### EXTRACTED MATERIAL

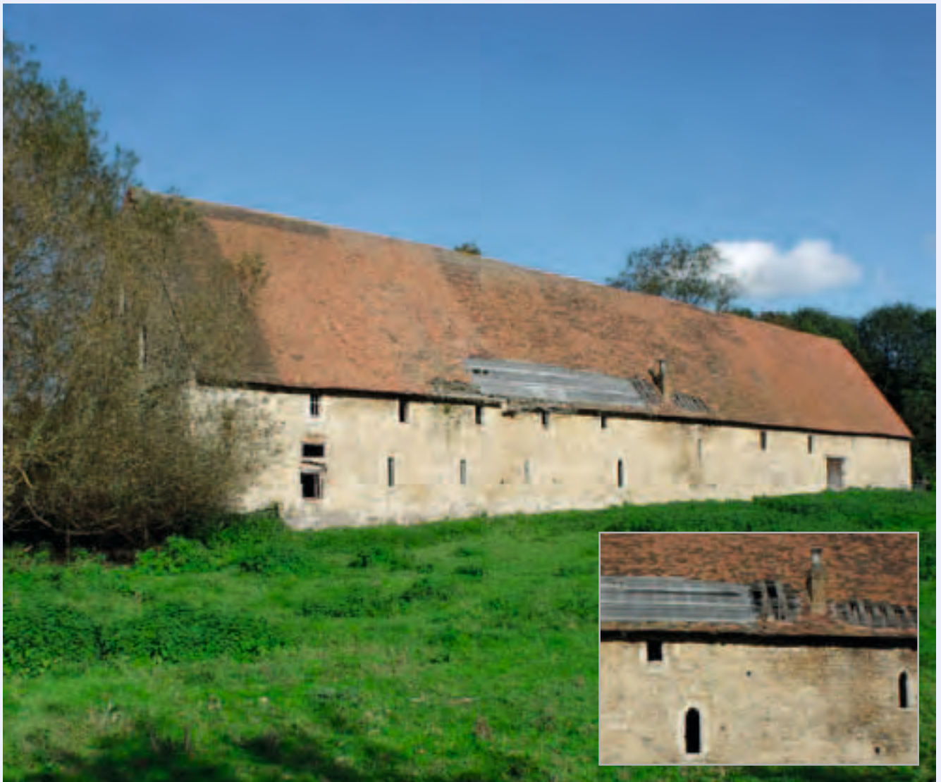
Boxley Abbey 'barn' in Kent (a scheduled ancient monument that was probably once the Abbey's hospitium). It was repaired in 2012 with financial input from English Heritage, English Nature and the Society for the Protection of Ancient Buildings. A low-key use is now planned by the owner.

Other issues affecting the historic environment and other activities carried out by the heritage sector are reported annually in Heritage Counts .
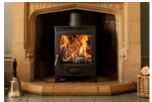
Ecoburn Plus 7 DEFRA

Ecoburn Plus freestanding models are available with 4, 4.9, 7, 9, or 11kW outputs
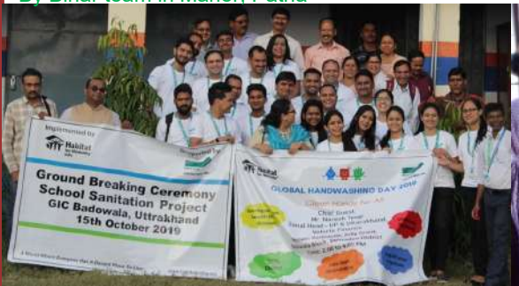
Handwash day celebration with INDO Star team in GIC Badowala
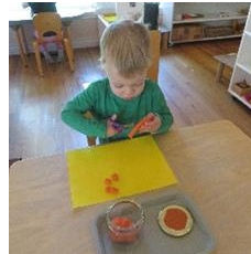
Adam is practicing cutting play doh.
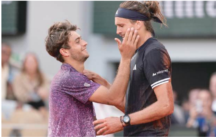
Winner Germany's Alexander Zverev (right) is embraced by Italy's Flavio Cobolli at the end of their single's final singles at the French Open tennis tournament on Court Philippe-Chatrier at the Roland-Garros Complex in Paris yesterday.

The most agonising miss of all was his first major final when he blew a two-set lead and failed to serve for the championship against Dominic Thiem at the 2020 US Open.
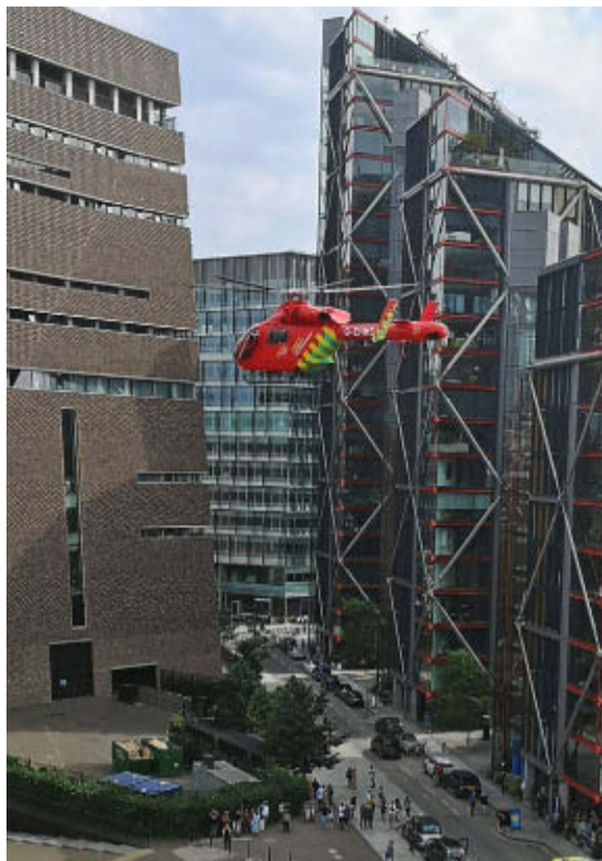
Emergency: The air ambulance flies in

She added: 'The six-year-old victim was found on a fifth-floor roof. He was treated at the scene
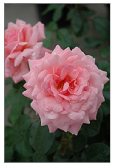
Sexy Rexy Rose flowers
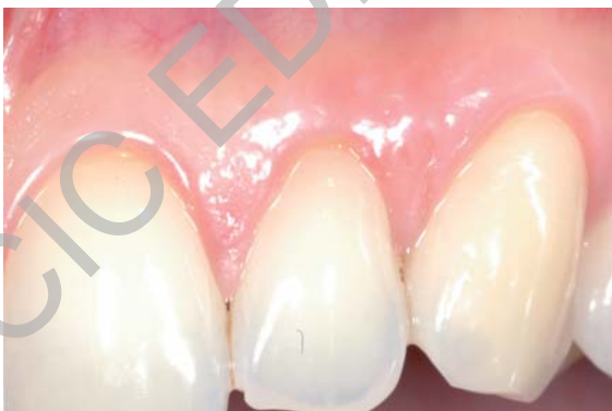
Figure 13 Control after 3 months; by a greater magnification it's possible to observe the perfect healing of the periodontal tissues.

complex of teeth and gums, put the dentist in front of new problems.
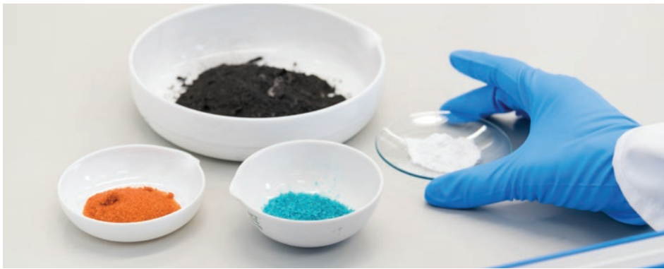
In addition to nickel (bottom center), Aurubis recovers cobalt (bottom left), lithium (bottom right), and graphite from black mass (top).

Black mass is the powdery content of used lithium-ion batteries that forms as a complex raw material when the batteries are recycled mechanically. Batteries are initially shredded and treated for this purpose. Black mass contains metals such as lithium, nickel, cobalt, and manganese, which can be recovered and subsequently used for new batteries or other products.
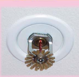
花灑系統 Sprinkler System
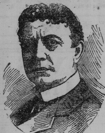
ROBERT B. MANTELL.

Mr. Mantell at the Grand. Supported by one of the strongest organizations on the road, and with entirely new costumes, properties and scenery, Mr. Robert Mantell, Toronto's favorite actor, commences his annual spring engagement at the Grand Opera House next week. Mr. Mantell's repertoire is complete with dramas and tragedies, representing the masterpieces of the world's famous authors.
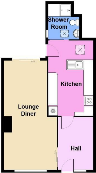
1st Floor Area: 37.3 m 2 ... 401 ft 2
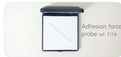
Adhesion force probe ref. T114

Pt-Ir probe with micro roughened surface for measuring adhesion force.
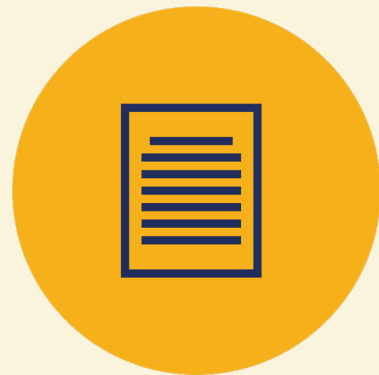
Key messages about the Order of Australia

We want you to share these messages and stories to help us inspire more Australians to nominate people who go above and beyond and have great impact in our community.
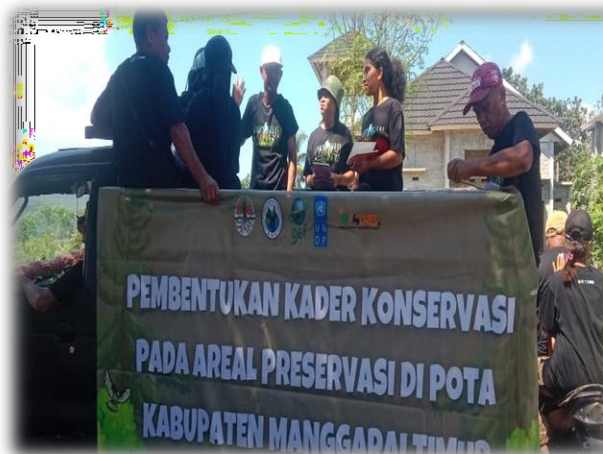
Figure 9&10: Komodo monitor lizard habitat and participants' journey to Tanjung Watu Pajung
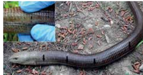
Figure 1. European glass lizard ( Pseudopus apodus ; Anguillidae) A. Nymph of Ixodes ricinus ; B. Arrow- Outline of lateral groove that was the tick attachment site

Three adult European glass lizards were caught in the garden of Faculty of Veterinary Medicine, Ondokuz Mayıs University, Samsun, Turkey in May 2020 and the presence of tick infestation was detected. Tick attachment site on the body was photographed with a Nikon Coolpix P610 Compact camera (Figure 1). The ticks were collected from the lateral groove on both sides of the lizard by using blunt tip tweezers (Figure 1A). Subsequently, all three hosts were released unharmed to a safe area. Tick samples were preserved in 70% ethyl
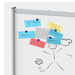
Magnetic surface can be written on with whiteboard pens
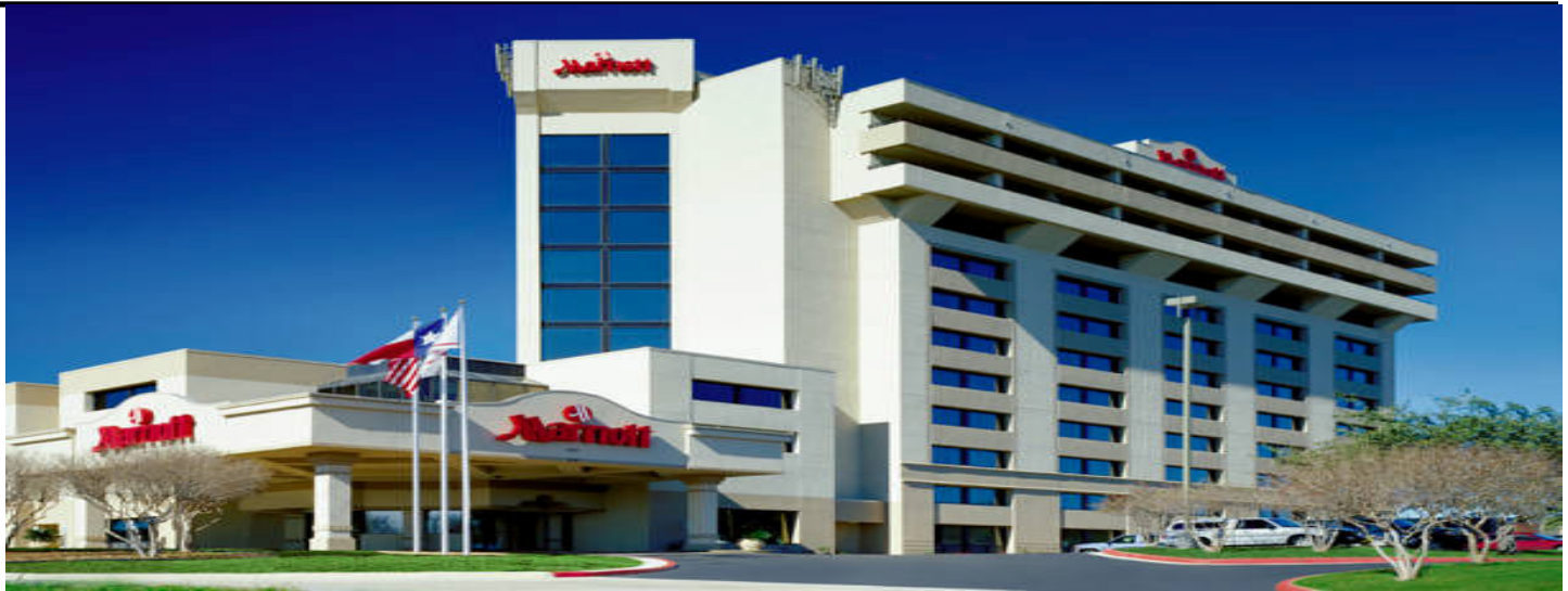
San Antonio Marriott North
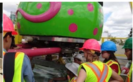
Experiential learning in the field
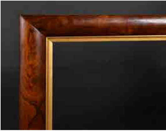
353. 19th Century English School A Cushioned Darkwood Frame, with a gilt slip, rebate 28" x 23.25" (71.1 x 59.1cm) £50-£80
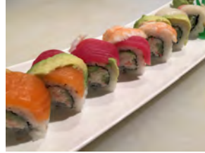
* Rainbow Roll 10.95 California roll topped with fresh fish. * Spicy Tuna Rainbow Roll 12.95 Spicy tuna topped with fresh fish.

######

WHAT YOU NEED TO DO: Everything in the records must be returned exactly, except the pictures.

ANSWER BOX:
Boxley Abbey 'barn' in Kent (a scheduled ancient monument that was probably once the Abbey's hospitium). It was repaired in 2012 with financial input from English Heritage, English Nature and the Society for the Protection of Ancient Buildings. A low-key use is now planned by the owner.

Other issues affecting the historic environment and other activities carried out by the heritage sector are reported annually in Heritage Counts .
Ecoburn Plus 7 DEFRA

Ecoburn Plus freestanding models are available with 4, 4.9, 7, 9, or 11kW outputs
Handwash day celebration with INDO Star team in GIC Badowala
Adam is practicing cutting play doh.
Winner Germany's Alexander Zverev (right) is embraced by Italy's Flavio Cobolli at the end of their single's final singles at the French Open tennis tournament on Court Philippe-Chatrier at the Roland-Garros Complex in Paris yesterday.

The most agonising miss of all was his first major final when he blew a two-set lead and failed to serve for the championship against Dominic Thiem at the 2020 US Open.
Emergency: The air ambulance flies in

She added: 'The six-year-old victim was found on a fifth-floor roof. He was treated at the scene
Sexy Rexy Rose flowers
Figure 13 Control after 3 months; by a greater magnification it's possible to observe the perfect healing of the periodontal tissues.

complex of teeth and gums, put the dentist in front of new problems.
In addition to nickel (bottom center), Aurubis recovers cobalt (bottom left), lithium (bottom right), and graphite from black mass (top).

Black mass is the powdery content of used lithium-ion batteries that forms as a complex raw material when the batteries are recycled mechanically. Batteries are initially shredded and treated for this purpose. Black mass contains metals such as lithium, nickel, cobalt, and manganese, which can be recovered and subsequently used for new batteries or other products.
花灑系統 Sprinkler System
ROBERT B. MANTELL.

Mr. Mantell at the Grand. Supported by one of the strongest organizations on the road, and with entirely new costumes, properties and scenery, Mr. Robert Mantell, Toronto's favorite actor, commences his annual spring engagement at the Grand Opera House next week. Mr. Mantell's repertoire is complete with dramas and tragedies, representing the masterpieces of the world's famous authors.
1st Floor Area: 37.3 m 2 ... 401 ft 2
Adhesion force probe ref. T114

Pt-Ir probe with micro roughened surface for measuring adhesion force.
Key messages about the Order of Australia

We want you to share these messages and stories to help us inspire more Australians to nominate people who go above and beyond and have great impact in our community.
Figure 9&10: Komodo monitor lizard habitat and participants' journey to Tanjung Watu Pajung
Figure 1. European glass lizard ( Pseudopus apodus ; Anguillidae) A. Nymph of Ixodes ricinus ; B. Arrow- Outline of lateral groove that was the tick attachment site

Three adult European glass lizards were caught in the garden of Faculty of Veterinary Medicine, Ondokuz Mayıs University, Samsun, Turkey in May 2020 and the presence of tick infestation was detected. Tick attachment site on the body was photographed with a Nikon Coolpix P610 Compact camera (Figure 1). The ticks were collected from the lateral groove on both sides of the lizard by using blunt tip tweezers (Figure 1A). Subsequently, all three hosts were released unharmed to a safe area. Tick samples were preserved in 70% ethyl
Magnetic surface can be written on with whiteboard pens
San Antonio Marriott North
Experiential learning in the field
353. 19th Century English School A Cushioned Darkwood Frame, with a gilt slip, rebate 28" x 23.25" (71.1 x 59.1cm) £50-£80
* Rainbow Roll 10.95 California roll topped with fresh fish. * Spicy Tuna Rainbow Roll 12.95 Spicy tuna topped with fresh fish.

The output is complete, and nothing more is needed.